I often think of this power of Our Lady, resplendent and transformative as the Way of Beauty.  Our Lady is both Icon of all that we hope to be and Mother of our soul, bringing to pass a transformation from sin to grace that we are too broken to accomplish ourselves.

In My Peace I Give You, Dawn points out that although the Immaculate Virgin underwent no purification, sinless as She is, Mary does have a wounded heart through which She is uniquely associated with the suffering of Her Son.  It is an interior wound that lays bare the secret of hearts (cf. Lk 2:35).  Our Lady knows the pain of Her children, and She holds them in the piercing of Her Heart.  This is the realm of mental suffering, where all pain is synthesized and either accepted or rejected, where the human condition is placed in the crucible of God’s love and divine, sacrificial and suffering love is rarefied and separated from the suffering of sin and darkness and fear.  Christ underwent both a physical and mental suffering in the agony of his Passion.  Blessed John Henry Newman called this the “double agony” of Christ.  But it was the mental suffering of Our Lord that gave form and purpose to the rest.  Our Lady is particularly iconic of this mental suffering, because Hers is a suffering of “compassion.”  She suffers with the One who suffers because She loves Him and is present in His sufferings.

In a particular way Dawn points to the faith Our Lady exercised after Our Lord’s Ascension—a time in which She had only the memories, the mental images of Her Son’s death and resurrection, but continued with the rest of the Church to participate in these mysteries though the veiled but transformative presence of Our Lord in the Eucharist.  In the Heart of Mary, especially in that Heart which is a tabernacle for the Eucharistic presence of the Sacred Heart of Her Son, all memory is recapitulated and recirculated.  Everything that hurts is given a meaning beyond itself and all who suffer experience both the Passion and Resurrection of Christ as the purpose of their lives and the means of their own healing.

With Her new book, Dawn has taken these ideas to the next step, as a kind of bridge between our own brokenness and the immaculate integrity of the Blessed Virgin.  The saints underwent the transformation from the brokenness of original sin, the history of sin within their families and their own lives, to healing and re-creation in Christ Jesus.  As Dawn points out, some of them experienced even the wound of sexual abuse, and subsequently had to struggle against great odds to live authentic spiritual lives.   The stories of the saints, thus offers us who are broken the encouragement we are looking for and the powerful presence upon which we can rely:

No matter what evil was done to us, if we, like the saints, offer our hearts to God, he will take us as we are, with all our past experiences. Our hearts right now contains all the raw material Jesus needs to mold them so that, with his grace working over the course of time, they may become like His. This is true no matter how damaged we may feel. So long as our hearts long for union with Jesus’ Sacred Heart, our feelings about ourselves will not prevent such union, because God’s love is stronger than feelings. It is a presence.
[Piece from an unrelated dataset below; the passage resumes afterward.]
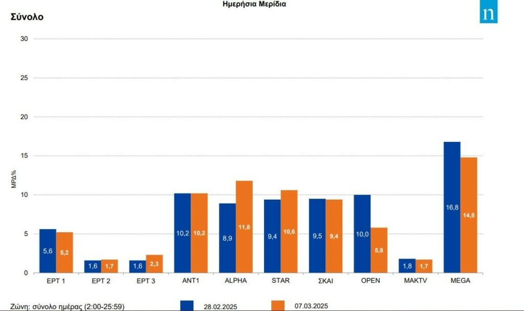«Πάνω» από την ΕΡΤ1, βρέθηκε το Open, καθώς το κρατικό κανάλι εμφάνισε απώλειες κοντά στη μία ποσοστιαία μονάδα, ενώ η ΕΡΤ2 ισοβάθμισε με το ΜΑΚ TV.

Reading about the lives of the Saints is not just about seeing their example and figuring out how to imitate them, or how to integrate the teaching of Christ in a practical way.  It is all that, and more.  As we are taught in Lumen Gentium 50:

Nor is it by the title of example only that we cherish the memory of those in heaven, but still more in order that the union of the whole Church may be strengthened in the Spirit by the practice of fraternal charity. For just as Christian communion among wayfarers brings us closer to Christ, so our companionship with the saints joins us to Christ, from Whom as from its Fountain and Head issues every grace and the very life of the people of God.

The saints are living members of our family who are present and who teach from within because we are one with them in prayer, and because they intercede with God on our behalf.  We identify with their brokenness.  We aspire to their victory.  But we also know that they are on our side, fighting on our behalf.  We need a new set of memories in order to overcome the pain of  the past, active memories like the commemoration of the Mass by which we participate in purity itself.  We need also the active memory of Our Lady who ponders in Heart the mysteries of the faith She witnessed with Her own eyes, and the active memory of the saints who have accomplished the transformation we all long for and so desperately need.

In her book, Dawn writes much about memory and its healing, even of the memories of things that have been so painful that we have buried beneath our consciousness.  She quotes Pope Benedict:  “Memory and hope are inseparable. To poison the past does not give hope: it destroys its emotional foundations.”  The parallel between memory and the theological virtue of hope is very Bonaventurian.  St. Bonaventure also aligns memory and hope with the First Person of the Blessed Trinity, the Father.  How much sexual abuse today is somehow related to either the abuse of a father or at least the dereliction of the duty of a father.  Perhaps these are the toughest memories of all.  And that is why we need all the help we can get from the friends of Jesus to get us back to the embrace of our merciful Father, who alone can heal us.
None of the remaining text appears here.